While your code may utilize any subset of MIPS instructions, it should support at a minimum integer add, subtract, multiply, divide, load, store, immediate load (and branches, where required by the project). You may ignore any structural hazards (i.e., assume that any hardware unit is available at any time - ALU, register file ports, etc). The only hazards to consider are the data hazards. Any unrecognized instruction or exception (e.g., divide by zero) should halt program execution and output verbose error message.

Any number of teams may pick the same project, but must work independently. No plagiarism on programming projects will be tolerated (including Internet-derived code libraries). This includes instruction-parsing code as well. The grading will be per group, and no comparison to other groups will be made (if the same project is chosen by multiple groups). The source code, methodology and final write-up with example runs are to be submitted by each team. There will be time allocated towards the end of semester for in-class project presentations.

Hints: Assume the input contains one instruction per line of text file. Instructions may be parsed easily by using regular expressions or string comparison/tokenizing operations. You may use a fixed array for integer register contents. Except loop unrolling project, assume the code contains no memory references. For loop unrolling, the loop control variable may be loaded with a known integer value.

Project 1. Design and implement an optimizing compiler (static scheduling). Accept a text file with a subset of MIPS assembly instructions as an input. Schedule the code to minimize the stalls due to data hazards, while preserving data dependencies. You may limit your compiler to process integer instructions only, and make your own realistic assumptions on the latency of each instruction. Output produced should be the optimized code, printed out on the screen, together with the new execution time in clock cycles.

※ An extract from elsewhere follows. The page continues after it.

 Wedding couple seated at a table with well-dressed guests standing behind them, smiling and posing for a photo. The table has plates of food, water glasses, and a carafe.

Project 2. Design and implement a loop unrolling compiler. Accept a text file with a subset of MIPS assembly instructions as an input (including Branch instruction). If a value of the loop variable is known (e.g., N), unroll the loop N times, renaming registers as required. Make sure you do not use any more registers than available (32 the in integer case). Make your own realistic assumptions on the latency of each instruction.

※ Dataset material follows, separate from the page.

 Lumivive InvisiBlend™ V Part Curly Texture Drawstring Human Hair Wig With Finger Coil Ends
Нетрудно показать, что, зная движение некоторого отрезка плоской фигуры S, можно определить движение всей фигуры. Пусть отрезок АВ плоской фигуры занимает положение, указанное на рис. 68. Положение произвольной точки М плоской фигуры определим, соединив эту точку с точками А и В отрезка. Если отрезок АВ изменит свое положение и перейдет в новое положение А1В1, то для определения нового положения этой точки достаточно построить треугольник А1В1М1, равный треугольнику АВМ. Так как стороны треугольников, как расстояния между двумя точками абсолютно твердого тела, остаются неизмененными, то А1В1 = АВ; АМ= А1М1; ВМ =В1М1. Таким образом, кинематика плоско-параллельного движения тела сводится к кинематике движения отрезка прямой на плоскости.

Project 3. Implement a step-through MIPS assembly debugger. Given a text file with a subset of the MIPS assembly instructions, display in a graphical interface the contents of all registers, current activity (including stalling), remaining clocks based on current instruction's latency and instruction queue at each clock cycle of execution, as the user steps through the code execution in single clock cycle increments. You may limit your compiler to process integer instructions only, and make your own realistic assumptions on the latency of each instruction.

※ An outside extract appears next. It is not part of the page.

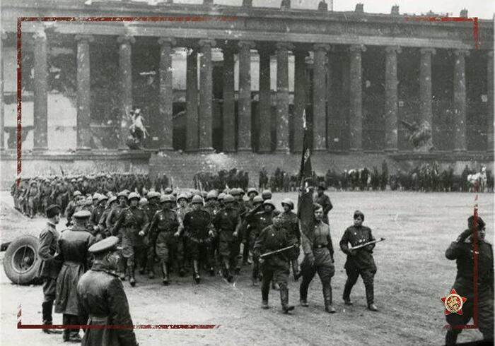 Кстати, по легенде, в качестве материала для знамени была использована красная скатерть, а серп, молот и звезда были вырезаны из белой бумаги и пристрочены накануне отъезда Халдея из Москвы в Берлин.

Project 4. Implement a MIPS integer pipeline visualizer. Given a text file with a subset of the MIPS assembly instructions, generate a pipeline trace of program execution, showing each pipeline stage (IF, ID, EX, ME - abbreviated MEM, WB, or stall - S_) as a delimited output (e.g., use '|' character to separate stages). Show stalls arising from data dependencies. You may make certain assumptions (e.g., on instruction latency, subset of instructions used, etc). For instance, initially exclude branches, but if time allows, you may add the branch component later. If EX stage takes more than one clock cycle per your assumptions for a particular instruction type, you should show it as multiple EX stages within the pipeline.